On October 12th, British athletes will test themselves against some of the world’s very best long-distance triathletes over a 2.4-mile swim, a 112-mile cycle and a 26.2-mile run.
They have travelled to Kona, Hawaii where the race has been held since 1981. Here athletes will have to combat strong winds and sweltering temperatures in order to be crowned IRONMAN World Champion 2019.
There are four men that will be representing Great Britain in Hawaii. David McNamee has been given the BIB number 3 after finishing on the podium for two consecutive years (2017, 2018). Another competing athlete with previous World Championship experience is Joe Skipper. Skipper broke an IRONMAN UK record in 2018 (07:55:43) and finished in 7th place at the World Championships last year.
Alistair Brownlee will be making his IRONMAN World Championships debut.

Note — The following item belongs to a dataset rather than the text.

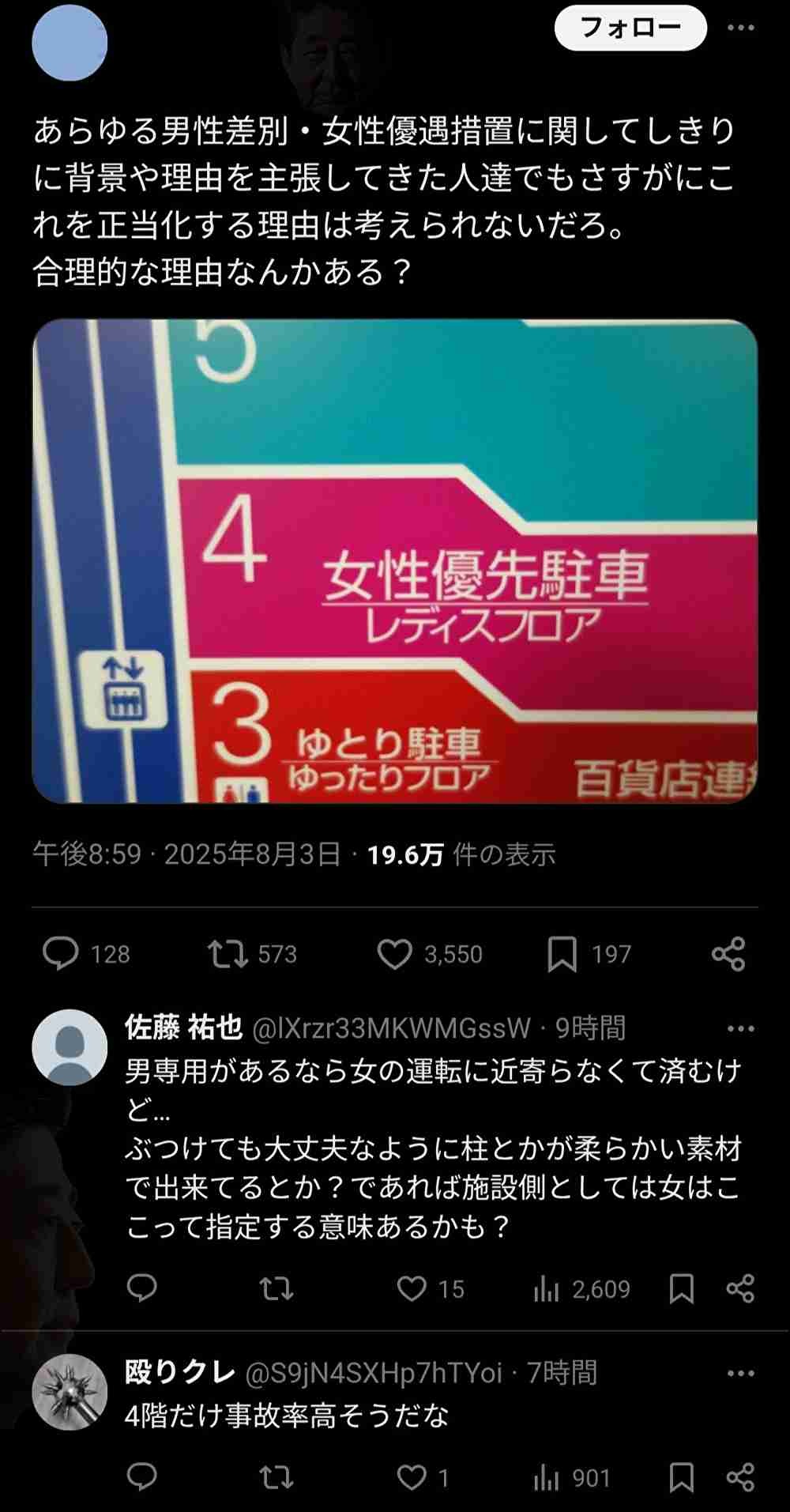ほなメンズフロアの駐車場も男性専用駐車場にしろよ

The two-time Olympic gold medallist looks to be in good form, beating out Britain’s Gordon Benson (3rd) and Germany’s Tim Brautigam (2nd) to win Sunday’s training swim (46:07:40). Brownlee’s first IRONMAN came at a wet and windy Cork, Ireland, in which harsh weather forced the race to follow the Duathlon format. Despite this disruption, he crossed the finish line in 07:49.20 to take gold.
Also racing this year is Will Clarke, who qualified for the World Championships at IRONMAN Brazil. Clarke has beaten the likes of David Bartlett to pick up wins at both Outlaw Half Nottingham (03:51:44) and Outlaw Half Holkam (04:00:27).

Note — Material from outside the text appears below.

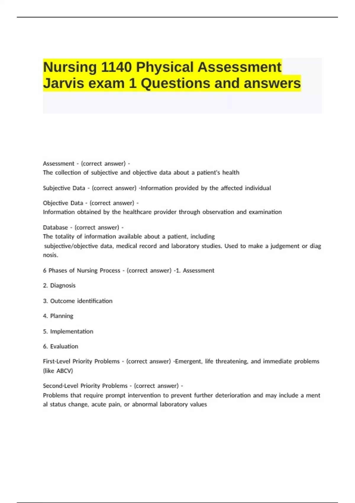 6 .Phases .of .Nursing .Process .- .(correct .answer) .-1. .Assessment

Six women will be competing for the Great Britain Pros including the two-time Kona silver medallist, Lucy Charles-Barclay. In 2018, Charles-Barclay became the second fastest Female Pro to ever finish the course after crossing the line in just 08:36:34. She has recorded IRONMAN victories this year at South Africa and the 70.3 in Staffordshire and will be looking to take the title this weekend from reigning champion Daniela Ryf (CHE).
Corinne Abraham has also featured at the World Championships before, returning from Hawaii last year with a top-ten finish. She took gold at IRONMAN Tallinn, Estonia earlier on this year.
The winner of 2019 IRONMAN Lanzarote, Nikki Bartlett is also set to compete. In between securing medals as a guide with two-time ITU Paratriathlon World Champion, Alison Peasgood, Bartlett is winning IRONMAN 70.3 medals, taking the podium a total of 14 times.
Susie Cheetham claimed her World Championship qualification with a win at IRONMAN Hamburg in July (08:58:02). She wears the BIB number 17.
Also representing Great Britain is Laura Siddall. A four-time IRONMAN winner, Siddall has triumphed at IRONMAN Australia three times (2017, 2018, 2019). Throughout these wins, she has recorded the fastest bike section three-times and the fastest run twice.
Despite making her first ever appearance at Kona this weekend, a course that is notoriously unforgiving to its debutants, Kimberley Morrison will enter the race with confidence after placing 7th in Sunday’s training swim.
These athletes will begin the race on Kailua Pier, fighting the northernly currents for the first half of their swim, before returning to shore. They will then transition to the bike section where athletes will have to contest with winds that can vary from 5-35mph and even climb to an extreme 60mph. In addition to powerful winds, temperatures on average will reach 28 degrees Celsius, yet have a chance to increase to 40 degrees before athletes reach the finish line at Ali`i Drive.
Male and female Age-Group champions, as well as male and female handcycle champions will automatically qualify for the 2020 IRONMAN World Championships.